The U.S. Department of Health and Human Services announced Friday that it has ordered an additional 2.5 million doses of Bavarian Nordic’s JYNNEOS, an FDA-licensed vaccine indicated for prevention of smallpox and monkeypox, for use in responding to current or future monkeypox outbreaks and as part of U.S. smallpox preparedness.

Deliveries from this latest order of the Bavarian Nordic‘s Jynneos vaccine will begin arriving at the Strategic National Stockpile (SNS) later this year and will continue through early 2023 HHS said in a statement.

“We are working around-the-clock with public health officials in states and large metro areas to provide them with vaccines and treatments to respond to the current monkeypox outbreak,” said HHS Secretary Xavier Becerra. “This order of additional JYNNEOS vaccine will help us push out more vaccine quickly, knowing that we have more doses on the way in the coming months — and is only possible because of our longstanding investment in smallpox and monkeypox preparedness.”

The order announced today is in addition to the 500,000 doses of government-owned vaccine the company is producing in 2022 for use in the current response to monkeypox in the U.S and brings the total vaccine doses to be delivered in 2022 and 2023 to more than 4 million.

The company will produce these doses in liquid frozen form using vaccine already manufactured in bulk under an existing 10-year contract with the Biomedical Advanced Research and Development Authority, within the HHS Office of the Assistant Secretary for Preparedness and Response; that contract was part of ongoing national preparedness efforts against smallpox.

“The medical countermeasures available to help respond to the current outbreak are the result of years of investment and planning made possible through the ongoing work between HHS and private industry,” said Gary Disbrow, director of the Biomedical Advanced Research and Development Authority. “We are pleased that we have been able to work with our partners at Bavarian Nordic to accelerate delivery of vaccines that can help keep people safe and stem the spread of the virus.”

BARDA supported the development of JYNNEOS, which is approved by the FDA to prevent smallpox and monkeypox. The U.S. government owns enough smallpox vaccine — JYNNEOS and ACAM2000 — to vaccinate millions of Americans, if needed.

As of June 24, ASPR’s SNS held approximately 65,000 doses of JYNNEOS in immediate inventory with delivery of an additional 300,000 doses in the coming days. On June 28, HHS announced that it would immediately make available 56,000 doses and soon after would make available 240,000 additional doses. The SNS also has more than 100 million doses of ACAM2000 which was developed with SNS support and is approved by FDA for use in preventing smallpox. The Centers for Disease Control and Prevention currently has an expanded access Investigational New Drug protocol which allows use of ACAM2000 for monkeypox.

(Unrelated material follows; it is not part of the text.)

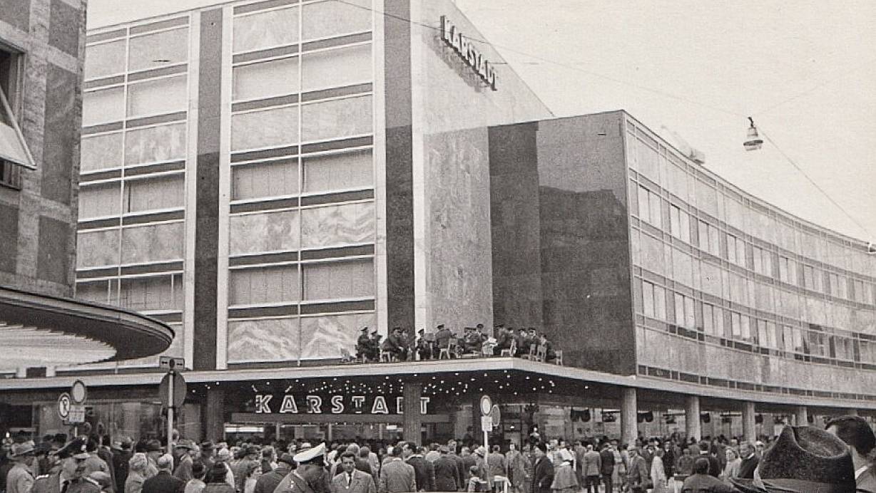 Was für ein Start im April 1964: Die Massen drängten sich vor dem Karstadt-Haupteingang an der Ecke Arndstraße/Bahnhofstraße, auf dem Vordach spielte zur Eröffnung eine Blaskapelle. | © Stadtarchiv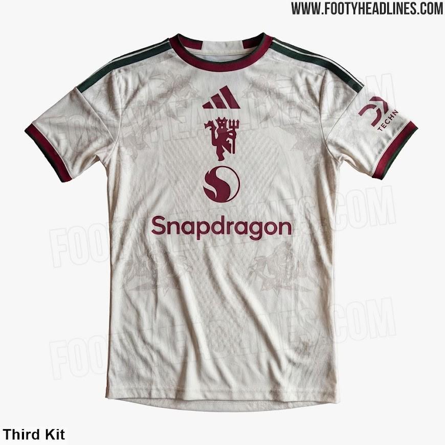 据透露,阿迪达斯此次为曼联打造的26-27赛季第三球衣,以米白色作为主色调,并巧妙地融入了深绿色和酒红色作为点缀。尽管在配色方案上,它与23-24赛季的客场球衣有着异曲同工之妙,但在设计风格上却展现出了截然不同的独特魅力。

In addition, the SNS has over 1.7 million treatment courses of the smallpox antiviral drug TPOXX, which was developed with BARDA support and can be used to treat individuals with monkeypox under an appropriate regulatory mechanism. CDC currently has an expanded access Investigational New Drug protocol which allows its use for monkeypox.

As of June 29, the CDC has received reports of approximately 350 cases of monkeypox in the U.S., primarily among men who have sex with men.